Thanks for the replies. The idea with this TT is that the supporting medium for the lightweight subchassis can be very easily changed allowing easy comparison between materials. I hope to initially compare the two ends of the scale with wooden or steel spikes at one end and perhaps foam or sponge etc at the other. Hopefully I should hear some differences and thus judge where between these I am likely to get the best balance. Sounds great in theory......
I have made a couple of design changes since my original post. I have moved away from solid oak for the main plinth and will use a more stable laminated construction. I have also moved away from a bespoke platter as I have sourced a heavy metal affair that will do the job nicely.
Has anyone ever experimented with silicone sealant for any form of suspension?

Too much direct damping is not good for me.
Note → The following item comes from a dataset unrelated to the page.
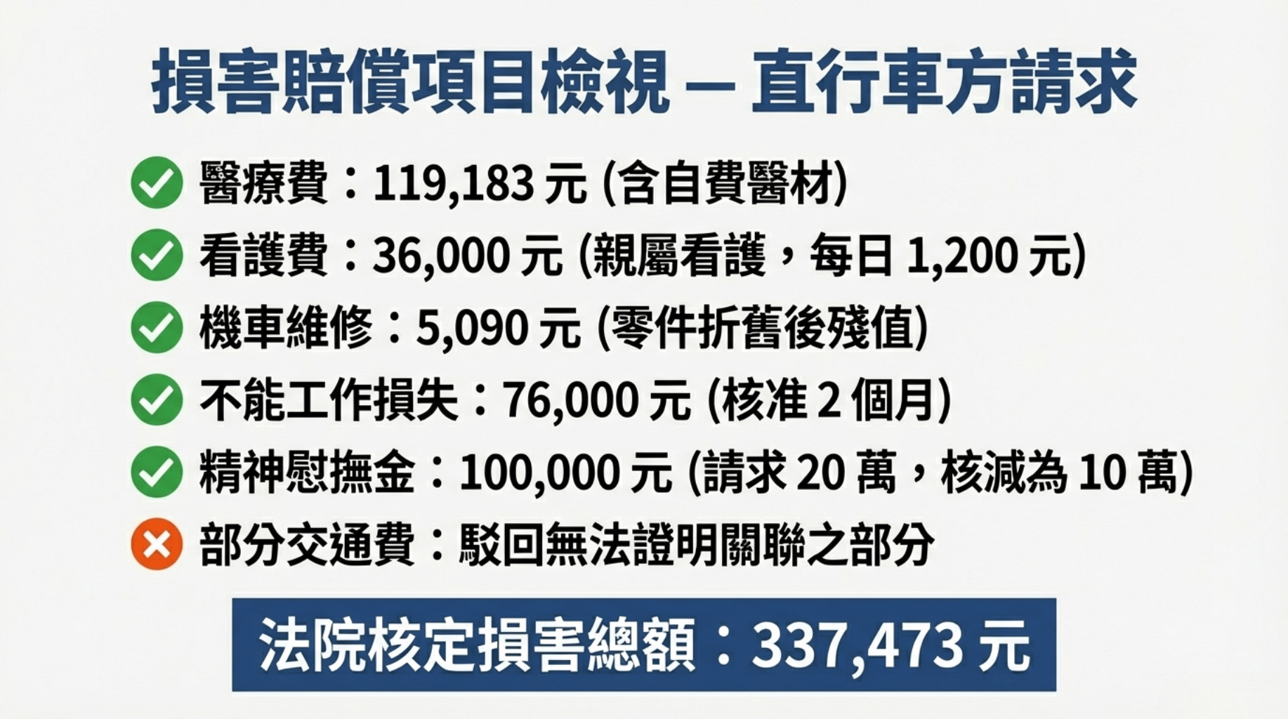 - 原告由配偶照顧 1 個月。法院指出,親屬看護雖無實際金錢支付,但基於身分關係之恩惠不能加惠於加害人,仍得評價為金錢損害。

What you want for the best performance is a good "spring" tuned at the lowest possible frequency with minimum damping.
A rolling suspension.... because this gives you the best transmission curve, i.e. the best attenuation in the working (audio) band. The best suspension I know is an air spring. There are for industrial use and also other specifically designed for HiFi use. The drawbacks are the cost (about 600 £ for a set of 3 supporting up to 5Kg each, including everything from the air reservoir to spare parts) and the fact that you have to check them once every 10-15 days which is an easy and quick operation anyway....

As an alternative to suspension I would consider an highly absorbing seismic base. A rigid and heavy base with some highly absorbing material inside.